The Correct Option is B

Step 1: Define the total number of candies and lemon candies.
The total number of candies in the bag is \( 4 \frac{2}{3} \) dozen, which is equal to \( 4 \frac{2}{3} \times 12 = 56 \) candies.
Let the number of lemon candies in the bag be \( a \).
Thus, the probability of drawing a lemon candy in the first case is: \[ P(\text{lemon candy}) = \frac{a}{56} \] Step 2: Add more lemon candies and calculate the new probability.
Now, \( 4 \frac{2}{3} \) dozen more lemon candies are added, i.e., \( 56 \) lemon candies are added. So, the new total number of candies becomes: \[ \text{New total number of candies} = 56 + 56 = 112 \] The new number of lemon candies becomes: \[ \text{New number of lemon candies} = a + 56 \] The new probability of drawing a lemon candy is: \[ P(\text{lemon candy}) = \frac{a + 56}{112} \] Step 3: Use the given condition.
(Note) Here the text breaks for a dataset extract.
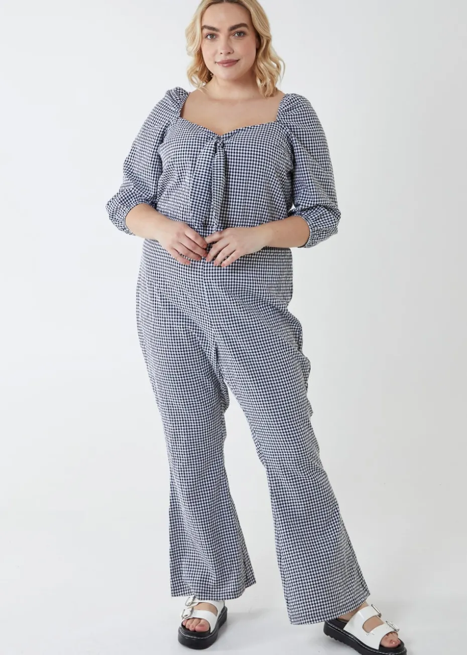Blue Vanilla Black Curve Gingham Jumpsuit
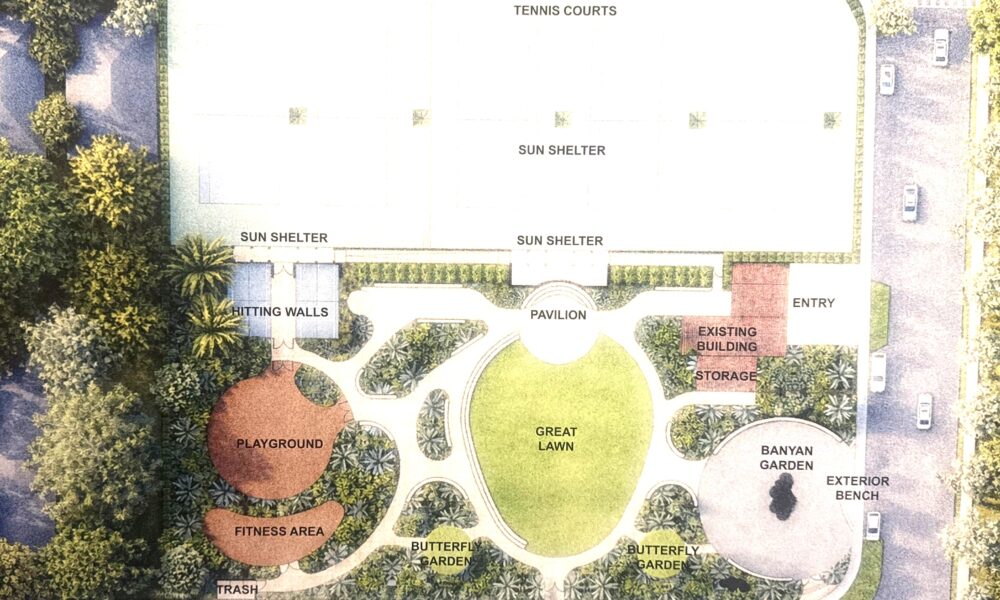 The proposed plan for Kirk Munroe Park, perhaps best known for its tennis center at Oak Avenue and Matilda Street, incorporates several new features, including butterfly gardens, sun shelters and a garden surrounding the park’s old-growth banyan tree.

We are told that the new probability is \( 2 \frac{1}{2} \) times higher than the first probability: \[ \frac{a + 56}{112} = \frac{5}{2} \times \frac{a}{56} \] Step 4: Solve the equation.
Multiply both sides by 112: \[ a + 56 = \frac{5}{2} \times 2a \] Simplify: \[ a + 56 = 5a \] \[ 56 = 4a \] \[ a = 14 \] Step 5: Conclusion.
The number of lemon candies in the bag is \( \boxed{14} \), which corresponds to option (2).